We are in the game and can’t get out that easily – but we can do an update and replace program for the IKE/Dulles Atoms for peace program/welfare check for GE/Westinghouse power plants of the 60′s and 70′s.
Plants like the heavy water Canadian CANDU can be very safe (fail safe via the physics is asserted) and less expensive to build than most reactors in use today – but they have a byproduct of weapons grade plutonium – but then they can use unenriched uranium.
Likewise we find the Chinese doing the interesting work, with folks at Beijing’s Tsinghua University actually building a new nuclear power facility: a pebble-bed reactor (PBR) – sometimes also known as a Pebble Bed Modular Reactor (PBMR) that is small enough to be assembled from mass-produced parts, cheap enough for emerging economies (like the US is becoming), and is safe because of physics, not operator skill or reinforced concrete – meltdown-proof. Here the fuel is not conventional fuel rods made of enriched uranium, but rather pyrolytic graphite coated pebbles with uranium cores that are subject to decreased effectiveness as heat rises (the Doppler Broadening effect). This built-in negative feedback places a temperature limit (with – and without – helium gas for cooling) on the fuel without operator intervention that is less than the melt down temperature of the pebbles’ shell.
If we’re getting “conflicting stories” about radiation danger, guess which side the engineers supplying most of the information are erring on.
I mean, the operative plan is to call it trivial, until proved otherwise.
Kinda like the U.S. Coast Guard honcho in the GOM, low-balling like a maniac, 24 hours after the platform exploded and sank:
“No oil is escaping from the well-head.”
Thank you, papau
I do not think anything the Japanese gov’t says is true right now… regarding how bad this disaster is.
Yeah, let’s load the third-world down with small, cheap reactors built from mass-produced parts … what could possibly go wrong?
When they built these reactors (you know, the ones currently blowing up), you know what all the scientists were saying? They were saying those control rods make a runaway reaction impossible … because of physics. And for skeptics, a discussion of increased heat lowering water density and reducing the number of neutrons available to the reaction (resulting in reduced effectiveness as heat rises). Virtually meltdown-proof those light water reactors dontchaknow.
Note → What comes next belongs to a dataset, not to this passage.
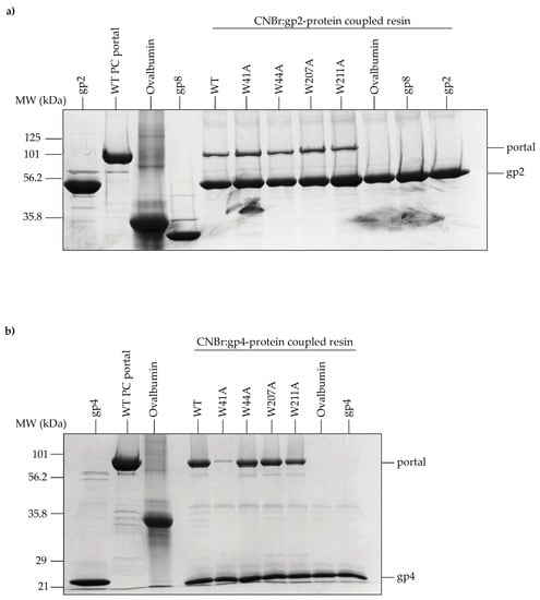 Gp2 is displaced from the portal protein by the tail factor gp4 once genome packaging is complete [52]. Gp4 functions to stabilize the portal protein and protect against genome loss by acting as the head-to-tail adapter; hence, it is critical to the formation of infectious progeny virions [53]. We performed a pull-down assay using gp4-coupled agarose beads to assess whether the alanine substitutions affected the ability for gp4 to associate with PC portal rings in vitro. The W41A variant was the only mutant unable to bind gp4 (Figure 7b), which was an expected result based on previous work showing that gp4 does not interact with PMs in vitro [19,53].

Nuclear physicists will flat-out mislead an audience. For money. You should of seen some of the “science” they pulled out of their asses trying to ram through Yucca. They are angling for $200 billion on this (at least that’s the number I heard batted around).
Nuclear Power is an absurd thing to substantially base meeting our future energy needs on. It’s a siren song for intelligent fools. The responsible place for nuclear in our future energy plans is to replace a few key aging facilities as we transition to legitimately green renewables and perhaps a few thorium salt based reactors to burn off some of the high level waste pro-nuke morons currently have piling up around our eyeballs with no safe way to dispose of it.
‘no oil escaping from the well-head”
Oops, CNN breaking. Major problems. Confirm?